[slurm-users] CPUSpecList confusion
Marcus Wagner
wagner at itc.rwth-aachen.de
Wed Dec 14 06:33:23 UTC 2022
Hi Paul,
sorry to say, but that has to be some coincidence on your system. I've never seen Slurm reporting using corenumbers, which are higher than the total number of cores.
I have e.g. a intel Platinum 8160 here. 24 Cores per Socket, no HyperThreading activated.

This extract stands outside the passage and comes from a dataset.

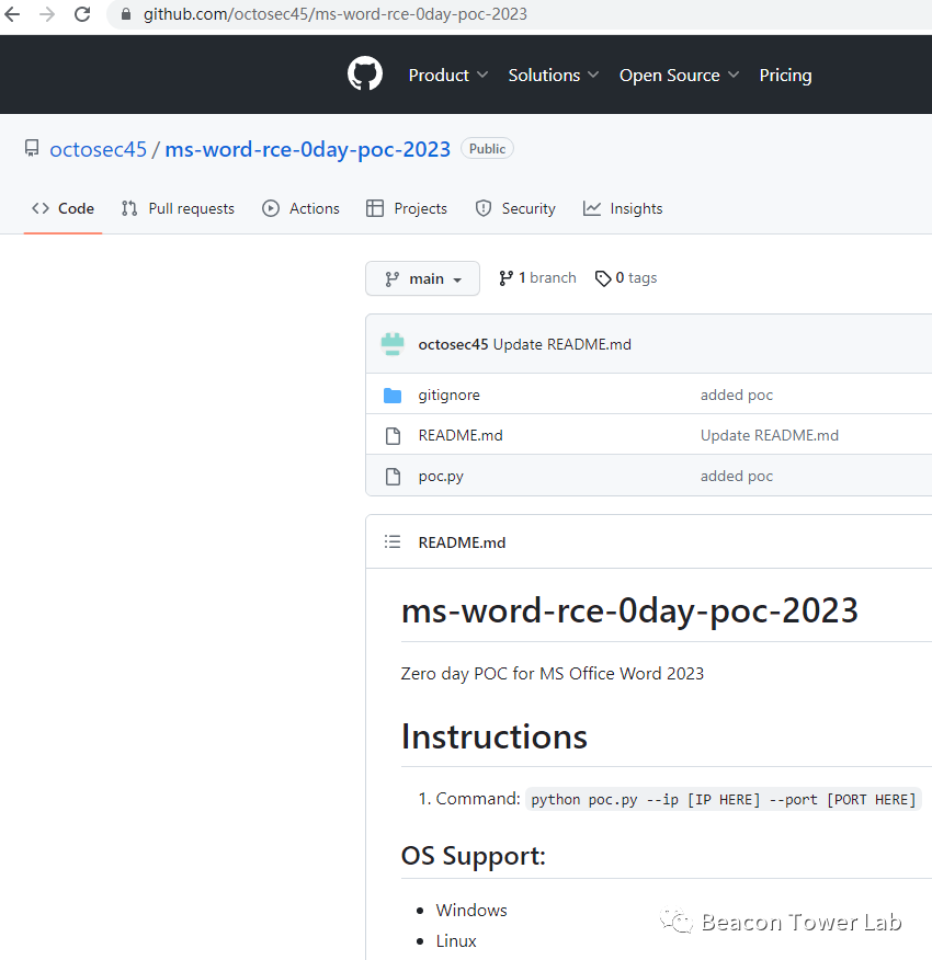 钓鱼地址:https://github.com/octosec45/ms-word-rce-0day-poc-2023(目前仍存活)

Yet here the last lines of /proc/cpuinfo:
processor : 43
apicid : 114
processor : 44
apicid : 116
processor : 45
apicid : 118
processor : 46
apicid : 120
processor : 47
apicid : 122
Never seen Slurm reporting corenumbers for a job > 96
Nonetheless, I agree, the cores reported by Slurm mostly have nothing to do with the cores reported e.g. by cgroups.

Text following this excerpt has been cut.